Bob Wojnowski, John Niyo, and Lynn Henning break down the move already made and the moves to come for the Detroit Tigers at the MLB trade deadline.
Kansas City, Mo. — Michael Fulmer grew up in Oklahoma City, so he’s no stranger to dense, heavy heat. The forecast for Fulmer’s start Thursday night — an even 100 degrees.
“Yeah, it gets hot like that down there (in Oklahoma City),” Fulmer said. “But I haven’t been there in the summer for about seven years. It doesn’t get like that where I’ve been playing in the minor leagues or in Detroit.
“But (the Royals) have to play in it, too.”
Fulmer has been doing his best to acclimate himself these last three days, with the temperatures in the upper-90s and the heat index over 100.
“I’ve gone out and played catch and ran and lifted outside the last three days,” he said. “Just kind of trying to take that (heat) into your planning for the start. I threw my bullpen the other day and it was like 130-degrees on that turf. I was drenched beyond belief.”
Fulmer said he expects to go through a minimum of three jerseys Thursday night.
“You just have to deal with it,” he said. “Like I said, it’s a good reason to change your jerseys. I sweat more than anybody on the team probably and I try to wipe my hand across my jersey and it just gets sweatier.
“You just deal with it. You hope the balls are rubbed up good and use the rosin. Basically, just try to get a grip.”
Fulmer pitched in upper 90-degree heat in Arlington, Texas, last year and threw a nine-inning complete game. So it’s not like he’s going to wilt.
“I made it my goal that night to stay out there (on the mound) for as little amount of time as possible,” he said. “And I ended up going nine innings. But my time on the mound wasn’t very long and I will try to do that tomorrow.”
Fulmer has won his last four starts, averaging 7.5 innings per start. His last start was an eight-inning gem, as he gave up a run and two hits to the Blue Jays. He said the heavy work load hasn’t forced him to alter or cut back on his between-starts program.
“No, I’m sticking with the same routine,” he said. “Usually if I go deeper in the game I will go longer (tossing and running) the next day, just to flush everything out. It’s like I tell (pitching coach Rich) Dubee, if I go three innings or nine, I am still going to feel like crap the next day.

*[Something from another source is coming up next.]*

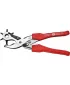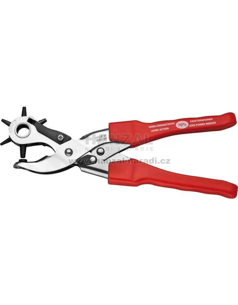 Provedení: Tělo kleští z vysoce pevné speciální oceli, poniklované, s otočným kolečkem a aretací. 70% úspora síly díky pákovému převodu. Se zobrazením velikosti děr (průzor) a ergonomicky tvarovanými rukojeťmi. Předmontované, vyměnitelné dírkovače.

“I don’t need an extra day because I went more than seven innings. I am still going to feel bad.”
It’s why, he said, they give you four days between starts.
“The four days between starts you don’t feel so good,” he said. “But the fifth day, I will be ready to take the ball.”
Manager Brad Ausmus said the tentative plan is for Matthew Boyd to start on Sunday in Minnesota.
After giving up three runs in the first inning Tuesday, Boyd threw five scoreless innings to get both the win and a quality start.
“Honestly, he used all four of his pitches and that was the key,” catcher James McCann said. “He didn’t have great command of his change-up, not that consistent command. So he really had to trust his curveball and slider, and he had a lot of success with it.
“If you can throw all four pitches, and one’s not there, you are still able to go to the other ones.”
McCann said of the four hits Boyd allowed in the first inning, only one was barreled.
“He was tested right out of the gate,” McCann said. “Three runs; regardless if you’ve been here for 15 years or this was your first start, giving up three in the first could very easily get out of control.
“He was able to bounce back and put up five zeros after that.”
Boyd has taken the rotation spot of Daniel Norris, whose first rehab start in Toledo didn’t go well Tuesday — from a physical or pitching standpoint.
“He struggled with his command,” Ausmus said. “And, he felt his quad (tighten) a little on a play covering first base in the third inning — but he stayed in the game.”
It was a groin issue that landed Norris on the disabled list, but Ausmus said the quad had been tight, as well. Norris threw 66 pitches (39 strikes) over three innings. He gave up four earned runs on three hits and two walks.
Ausmus said he expects Norris to make at least one more rehab start, aiming to get his pitch count back up into the 90s.
“We won’t make any decisions until after that,” Ausmus said.
Around the horn
Jim Adduci, as was the case the first time he was called up from Toledo, didn’t get to the ballpark — he was coming from Pawtucket — until about an hour before the game. He was in the starting lineup. The first time he did a show and go, against the Twins on April 23, he went 3 for 4 with two RBIs.
… Ausmus said there was no thought of bringing JaCoby Jones back from Toledo to replace the traded J.D. Martinez. “We want JaCoby to play every day down there and get at-bats on a regular basis,” he said. Also, he said, Mikie Mahtook has been playing well since getting regular reps in center field.
… Alex Wilson, since struggling before the All-Star break, has thrown 3 2/3 scoreless innings. “I think it’s going in the right direction,” he said. “I’ve been able to make pitches and work ahead of guys. The confidence is building. Just need to keep it going.”